Once "Folię lekko posmaruj" turns up in a line below, reproduce that line and those after it exactly, stopping after the line with "This is a bill"; leave pictures out.

**Supplied data**
<<<<
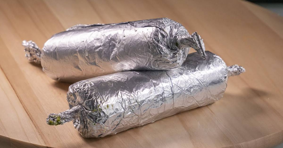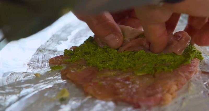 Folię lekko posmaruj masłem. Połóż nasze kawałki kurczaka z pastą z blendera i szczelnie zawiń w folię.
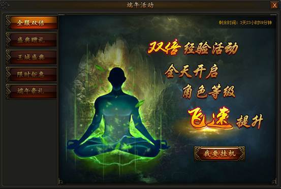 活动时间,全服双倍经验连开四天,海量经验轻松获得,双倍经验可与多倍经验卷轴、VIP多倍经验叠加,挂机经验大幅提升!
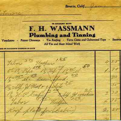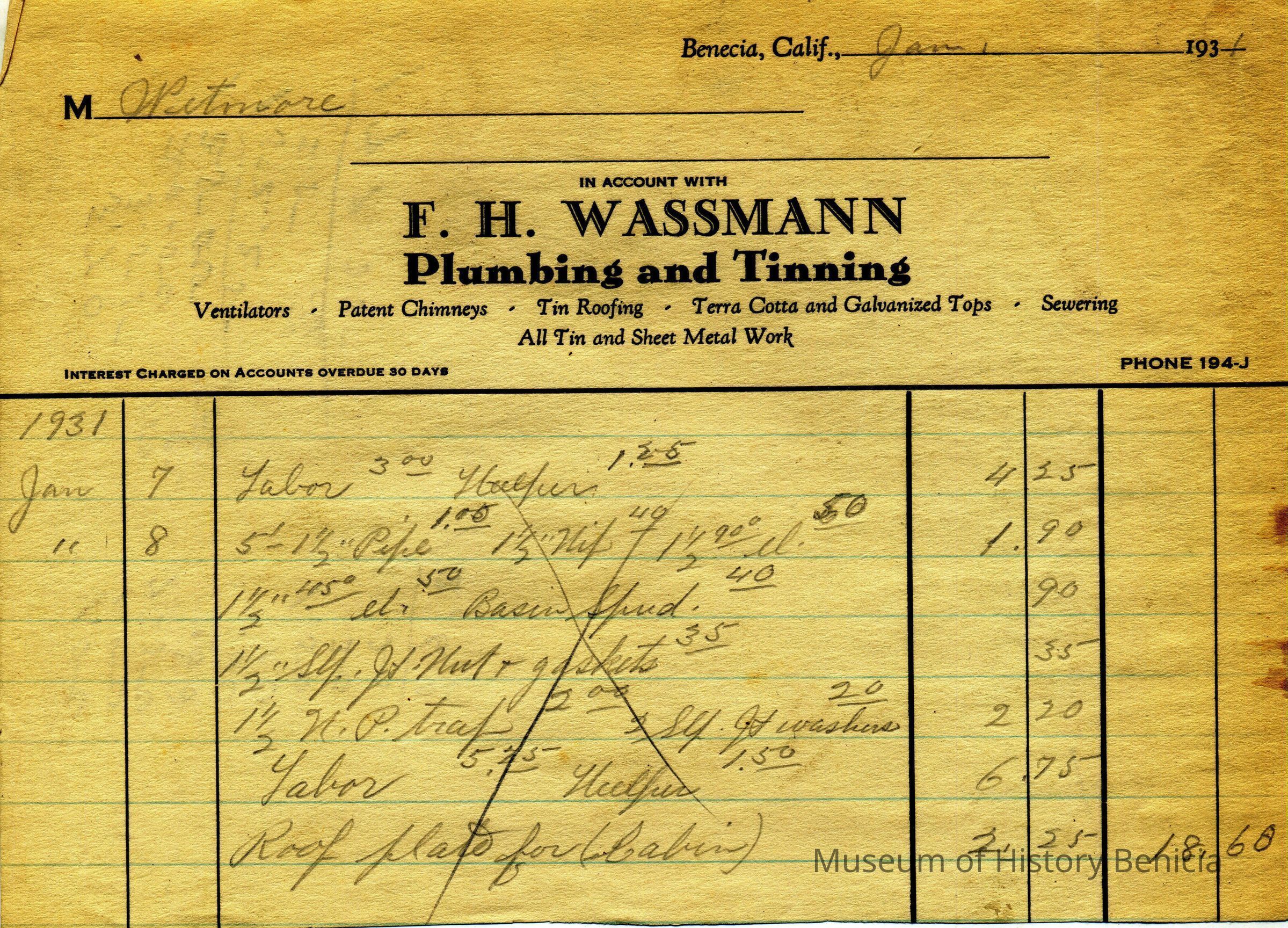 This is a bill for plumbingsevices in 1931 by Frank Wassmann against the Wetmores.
>>>>
<<<<
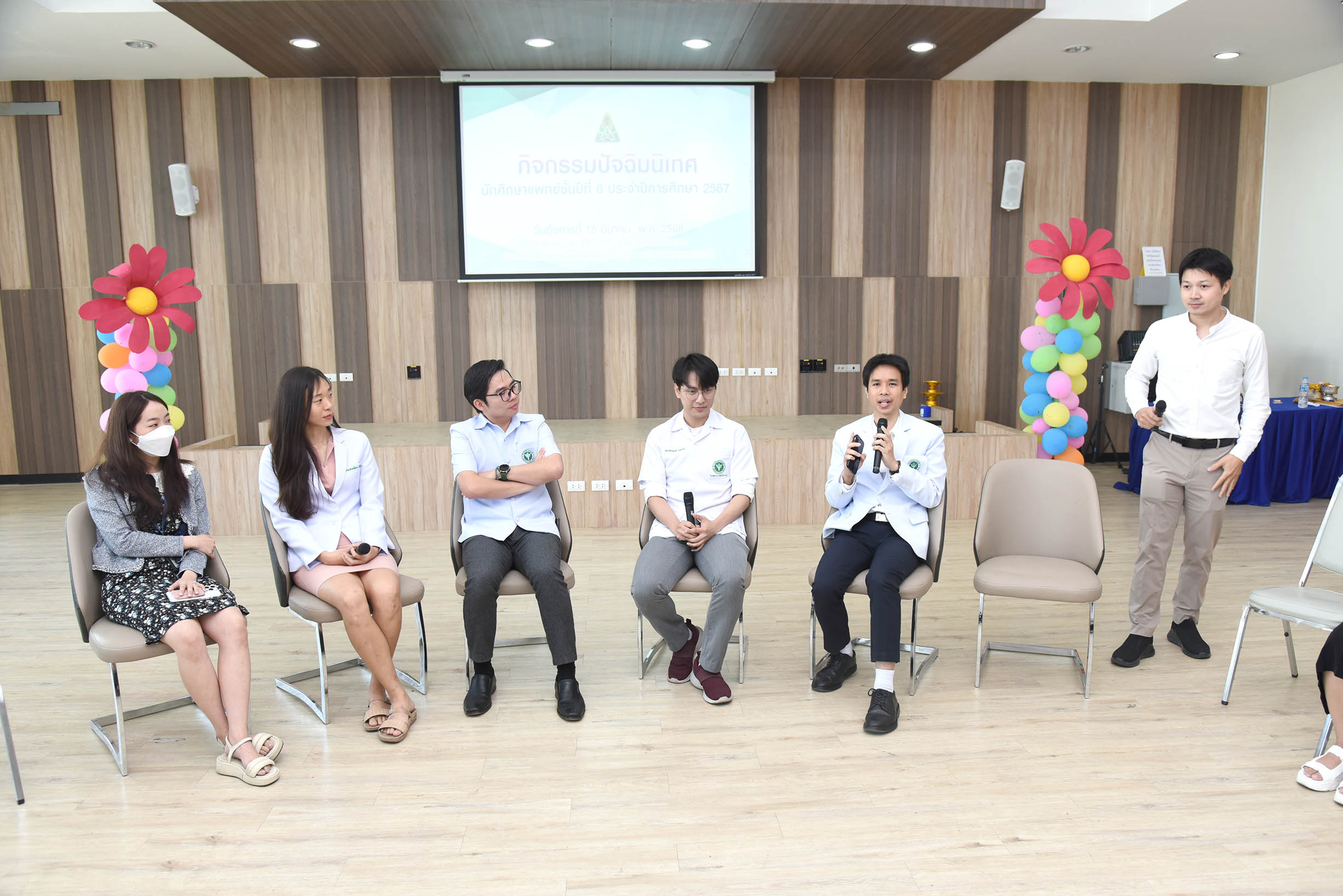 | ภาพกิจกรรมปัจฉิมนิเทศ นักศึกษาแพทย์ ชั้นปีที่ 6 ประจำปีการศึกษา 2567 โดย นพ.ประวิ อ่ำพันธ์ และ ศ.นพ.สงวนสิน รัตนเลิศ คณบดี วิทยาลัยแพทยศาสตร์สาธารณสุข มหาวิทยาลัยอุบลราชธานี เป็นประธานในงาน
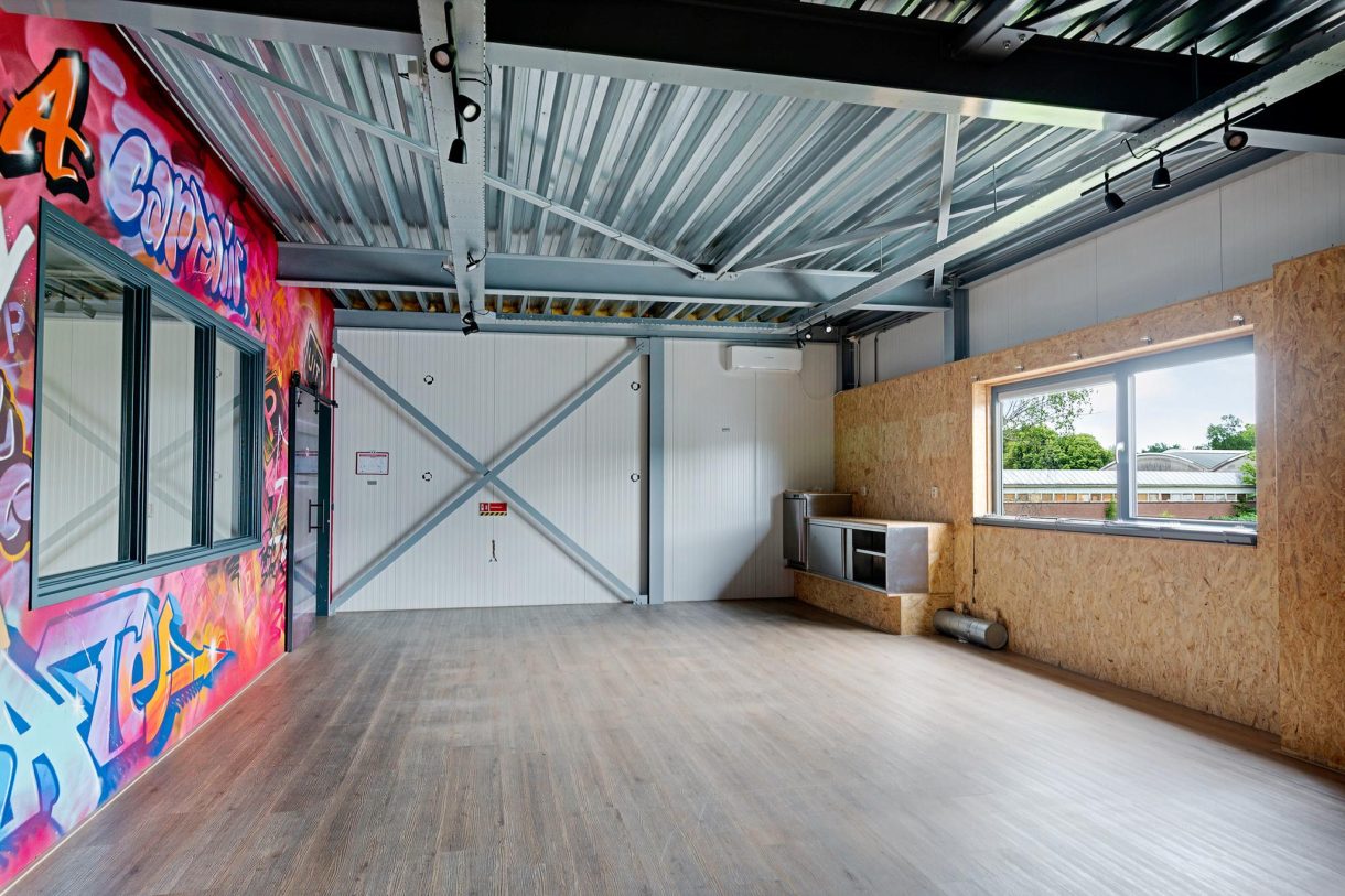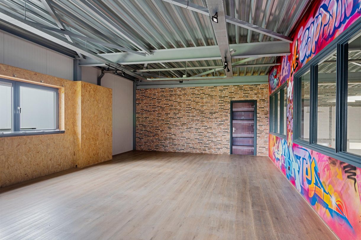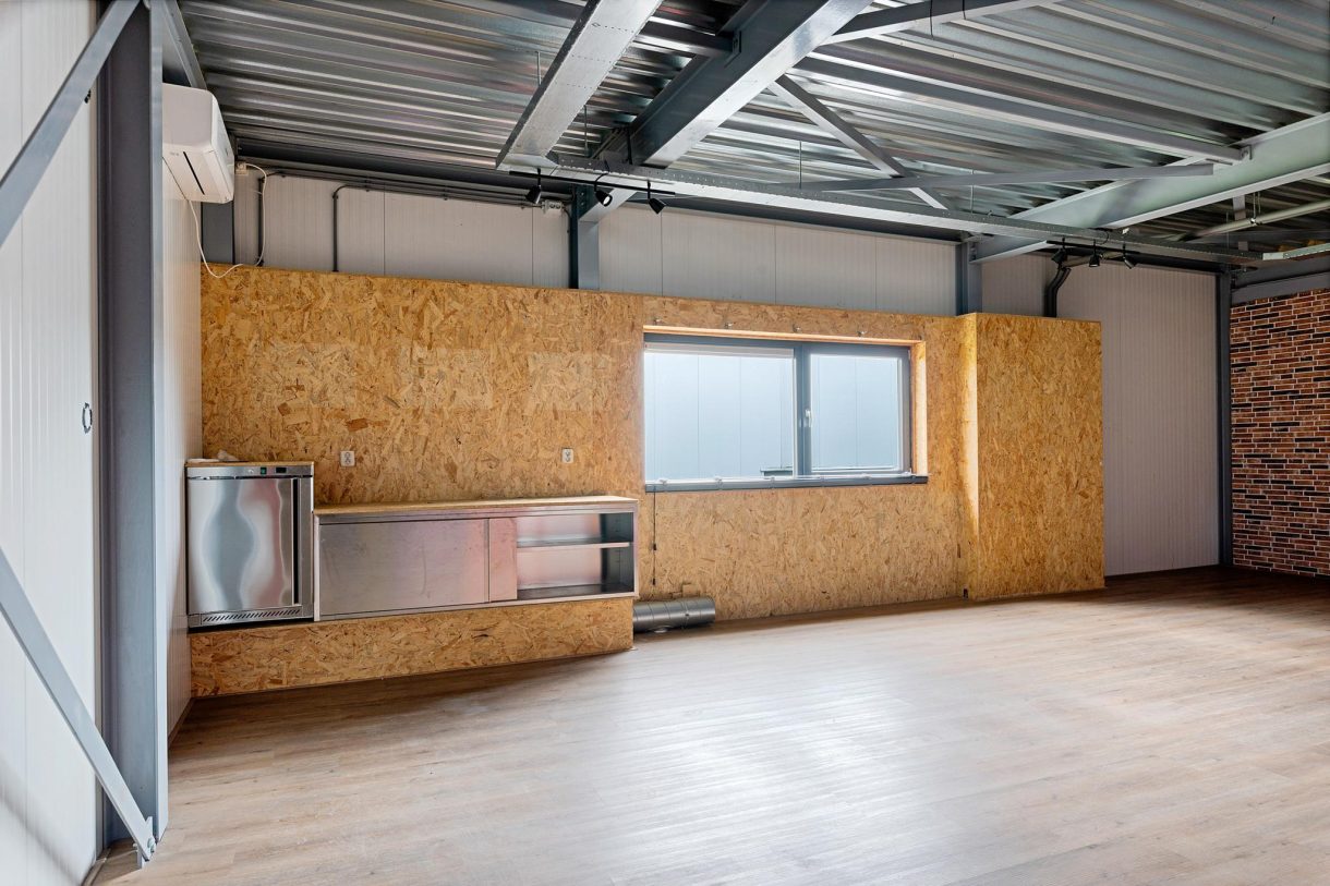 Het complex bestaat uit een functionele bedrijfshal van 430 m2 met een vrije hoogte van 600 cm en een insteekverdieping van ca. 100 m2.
>>>>
<<<<
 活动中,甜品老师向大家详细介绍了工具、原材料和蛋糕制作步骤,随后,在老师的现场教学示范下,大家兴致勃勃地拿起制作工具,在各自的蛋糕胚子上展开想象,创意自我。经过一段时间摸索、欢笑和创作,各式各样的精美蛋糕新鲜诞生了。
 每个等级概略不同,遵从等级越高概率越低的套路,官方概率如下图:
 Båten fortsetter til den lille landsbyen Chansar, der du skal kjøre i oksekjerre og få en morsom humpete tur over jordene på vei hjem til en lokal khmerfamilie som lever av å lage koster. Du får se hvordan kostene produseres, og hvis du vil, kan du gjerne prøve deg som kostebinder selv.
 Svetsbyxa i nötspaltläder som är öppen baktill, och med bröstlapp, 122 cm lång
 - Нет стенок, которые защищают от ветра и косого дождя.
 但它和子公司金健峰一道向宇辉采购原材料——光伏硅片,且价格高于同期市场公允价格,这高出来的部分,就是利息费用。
>>>>
**Written solution**
 Folię lekko posmaruj masłem. Połóż nasze kawałki kurczaka z pastą z blendera i szczelnie zawiń w folię.
 活动时间,全服双倍经验连开四天,海量经验轻松获得,双倍经验可与多倍经验卷轴、VIP多倍经验叠加,挂机经验大幅提升!
 This is a bill for plumbingsevices in 1931 by Frank Wassmann against the Wetmores.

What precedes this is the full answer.